There was a soldier, a Scottish soldier
Who wandered far away and soldiered far away
There was none bolder with good broad shoulder
He'd fought in many a fray and fought and won
He'd seen the glory, he told the story
Of battles glorious and deeds victorious
But now he's sighing, his heart is crying
To leave those green hills of Tyrol

Because those green hills are not Highland hills
Or the Island hills, they're not my lands hills
And fair as these green foreign hills may be
They are not the hills of home


And now the soldier, the Scottish soldier
Who wandered far away and soldiered far away
Sees leaves are falling and death is calling
And he will fade away in that far land
He called his piper, his trusty piper
And bade him sound alay a pibroch sad to play
Upon a hillside but Scottish hillside
Not on those green hills of Tyrol

Because those green hills...

And now this soldier, this Scottish soldier
Will wander far no more and soldier far no more
And on a hillside, a Scottish hillside
You'll see that piper play his soldier home
He's seen the glory, he's told the story
Of battles glorious and deeds victorious
The bugles cease now, he is at peace now
Far from those green hills of Tyrol

Because those green hills...

The Green Hills Of Tyrol - A Scottish Soldier


The Green Hills Of Tyrol could be a tune coming from Tyrol but it was more certainly written by Rossini in Il Viaggio a Reims (1825) and William Tell (1829), perhaps based on a popular folk dance of this time.

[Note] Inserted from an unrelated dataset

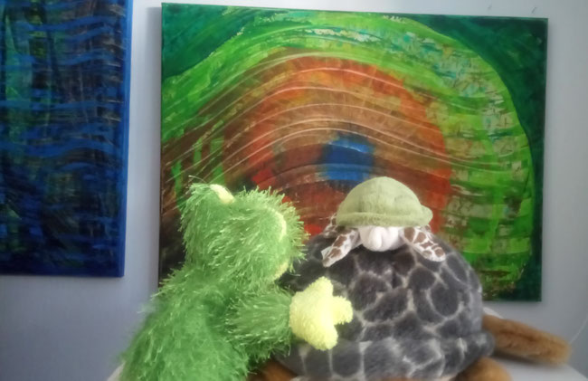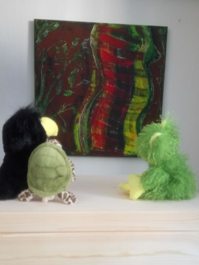 TONI und FROSCHI bewundern das bunte Gemälde vom Bauch einer Frau, die wohl gerne heimlich Süßes geknabbert hat.

The melody will be adapted for bagpipe by Pipe Major John MacLeod (93rd Sutherland Highlanders) in 1854 during the Crimean War, after he heard it played by a military band from Sardinia.
No borders for music...

There is a small debate about beginning the score on the 1st or 3rd beat (anacrusis) : I choosed the second option in order to play it with Killworth Hills and also because this kind of start seems to be included in the melody and in the song version.

A tempo of 86 fits well to the tune, particularly with the other Retreat airs from my repertoire.

The lyrics published as A Scottish Soldier are from Andy Stewart (1933-1993).


NB - regarding these Retreat Airs, we must keep in mind that they are not supposed to be played in the middle of a battle : they are part of military rituals in camp, e.g. for marking the end of the day duties and the beginning of the night ones.